It is as though something is being passed from one to another to another. Recite a few nursery
rhymes, letting the children join in.
Ask what sort of rhymes these are. Explain ‘nursery’ and how these rhymes were passed on to young
children by nurses and nannies and parents.
2. Explain that many of them are very old. There may have been a little boy called Jack Horner eating a
fruit pie, and someone made up a rhyme about it, which other people learned and passed on.
Something like a battle may have happened and someone made up a rhyme about it so that that event
would not be forgotten, eg The Grand Old Duke of York. These were in the days before video
cameras and there weren’t many books, and rhymes made it easy to remember things.

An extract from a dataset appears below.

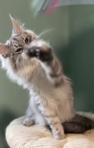 Anais is a graceful Maine Coon female with a striking black silver spotted tabby coat. Her expressive eyes and elegant build highlight the classic charm of the breed. Playful yet gentle, she easily becomes the center of attention. Anais combines beauty and a sweet temperament, making her an exceptional companion.
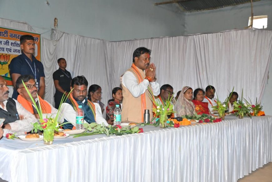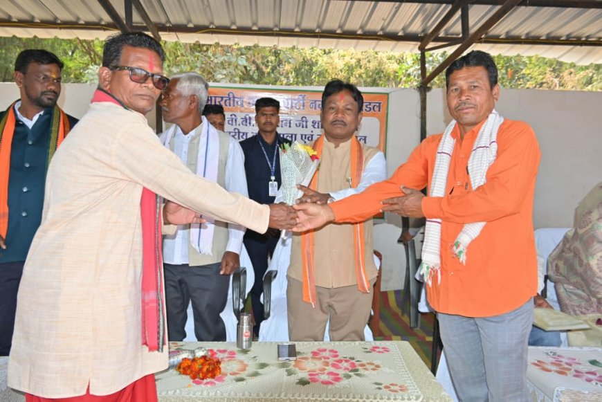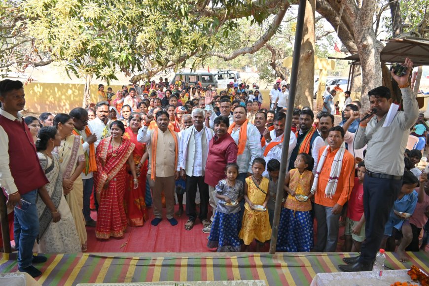 19 फरवरी 2026,जगदलपुर/ भारतीय जनता पार्टी द्वारा संचालित 'जन चौपाल' अभियान के तहत आज नगरनार के नकटी सेमरा और धुरगुड़ा शक्ति केंद्र में आयोजित कार्यक्रम में बस्तर सांसद महेश कश्यप मुख्य अतिथि के रूप में शामिल हुए। पारंपरिक बस्तरिया वाद्ययंत्रों की मधुर गूंज के साथ सांसद का आत्मीय स्वागत किया गया।

With some rhymes it is not known how the rhyme got started at all and what it refers to. What does
‘Hey diddle diddle, The cat and the fiddle, The cow jumped over the moon…’ actually mean?!
3. Talk about parents who love God and want to tell their children all about him and what he has done.
‘Nursery Rhymes from Bible Times’ by Joyce Hamersma (published by Autumn House, ISBN 1-
873796-34-X) has been written by a Christian, who wanted to teach her children what was true.
Read: Martha put the kettle on
Three wise men
Hickory, dickory dee .
Discuss which Bible stories and songs the children may have heard from their parents. The children’s
parents are one generation and they want to tell the next generation about the praiseworthy deeds of
the Lord. Telling others about God - what he is like, what he has done, how we can please him - is the
most important thing to pass on to the next generation.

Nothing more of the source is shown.